The raspberry is running RuneAudio build and I can use MPDroid on my cell or any computer/tablet connected to the same router to remote control it. It is feeding a Topping D30 ($99) through an (async) USB connection.
I'm very very happy with the SQ.
I also tried a beaten up old Laptop with JRiver and foobar but I had issues with drivers as that thing would not take win10 and the Vista drivers were giving me hell...
My solution is cheap enough for anybody to try (people spend more on interconnects..). I'm dying to try a high pricetag DAC to see how it would improve the SQ but can't make myself spend a grand on that only to find out I can't hear any difference...
cpt_paranoia
Addicted Member
Unless you are using the analogue output from a device, the digital processing will have little bearing on the sound, provided there is adequate processing and memory to ensure an uninterrupted stream of data. RAM speed and latency can only have an effect on processing speed, nothing else.
If you are using a USB or coax S/PDIF interface to a DAC, there is a small possibility that conducted noise might get into the DAC audio, but a well-designed DAC should provide effective isolation of the input.
If you are using an optical S/PDIF interface, there is no electrical path to conduct noise from PC to DAC via the signal path; it would have to be radiated from PC to DAC, or conducted via the mains supply. If you provide a sensible physical separation, and the DAC is adequately protected against radiated and conducted susceptibility, you should not have problems.
The last mechanism by which noise might be passed to the DAC is due to jitter in the signal timing of the USB or S/PDIF. Such jitter should be removed by the clock recovery, data sampling & FIFO buffer in the DAC. It is the sample clock to the DAC chip that determines the DAC sample timing, not the digital input stream. This DAC sample clock should be provided by a low phase noise source, such as a crystal oscillator.
The fact that there is no flow control between source and destination in the simple protocols means that it is possible for data overflow or underflow to occur, due to the use of different oscillators at each end; data is sent at one rate by the source, and consumed at a different rate at the DAC. But this will be mostly dealt with by use of a FIFO buffer in the DAC, and the fact that crystal oscillators have a pretty good tolerance.

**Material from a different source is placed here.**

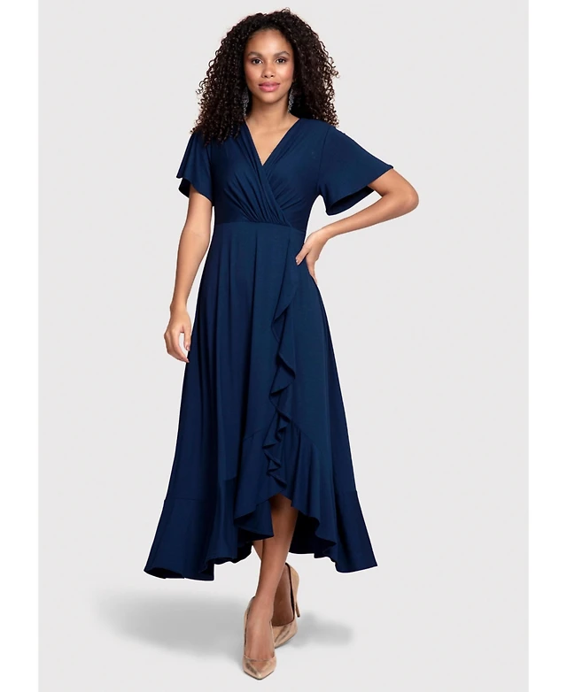 Dkny Plus Flutter-Sleeve Belted High-Low Dress

Data overflow or underflow would result in a missed sample, or a duplicated sample; for instance, the VoIP protocol provides a mechanism to drop, or repeat frames as necessary, since the source and destination clock rates may be more significantly different.
If you are using an analogue output from a PC, laptop or tablet, you might consider using a lead fitted with an RF suppressing filter, to prevent RF noise being conducted along the signal cable. The audio circuits should also be designed such that they will not respond to RF, usually by a simple low-pass filter on the signal input. They should also be designed to prevent radiated susceptibility, preventing RF injection into the circuit.

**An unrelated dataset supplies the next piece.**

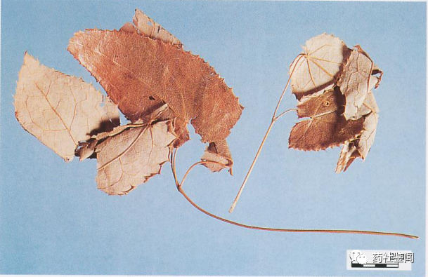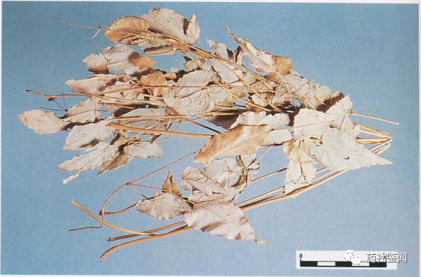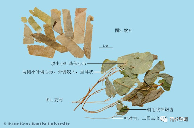 本品茎细圆柱形。长约 20cm。表面黄绿色或淡黄色,具光泽。茎生叶对生,二回三出复叶,小叶片卵圆形,长3cm~8cm,宽 2cm~6cm,先端微尖;顶生小叶基部心形;两侧小叶较小,偏心形;外侧叶较大,呈耳状;叶边缘具黄色刺毛状细锯齿、上表面黄绿色,下表面灰绿色,主脉 7条~9条,基部有稀疏细长毛,细脉两面突起、网脉明显;小叶柄长 lcm~5cm。叶片近革质。气微,味微苦。

RF injection can cause problems if it hits a rectifying element in the design, which will perform amplitude demodulation to baseband (audio frequencies), the classic being mobile phone injection (GSM will give a 216.6Hz buzz due to the TDMA frame rate), or even more classic; dental fillings that receive radio stations...
If you are using WiFi or Ethernet streaming, there is almost no chance of conducted noise from the 'player' computer; the media stream is transported as a CODEC format, and reconstructed by the DMR. A badly designed DMR might be susceptible to WiFi or Ethernet noise, and noise generated by the processor performing the rendering.
If you are using a USB or coax S/PDIF interface to a DAC, there is a small possibility that conducted noise might get into the DAC audio, but a well-designed DAC should provide effective isolation of the input.
If you are using an optical S/PDIF interface, there is no electrical path to conduct noise from PC to DAC via the signal path; it would have to be radiated from PC to DAC, or conducted via the mains supply. If you provide a sensible physical separation, and the DAC is adequately protected against radiated and conducted susceptibility, you should not have problems.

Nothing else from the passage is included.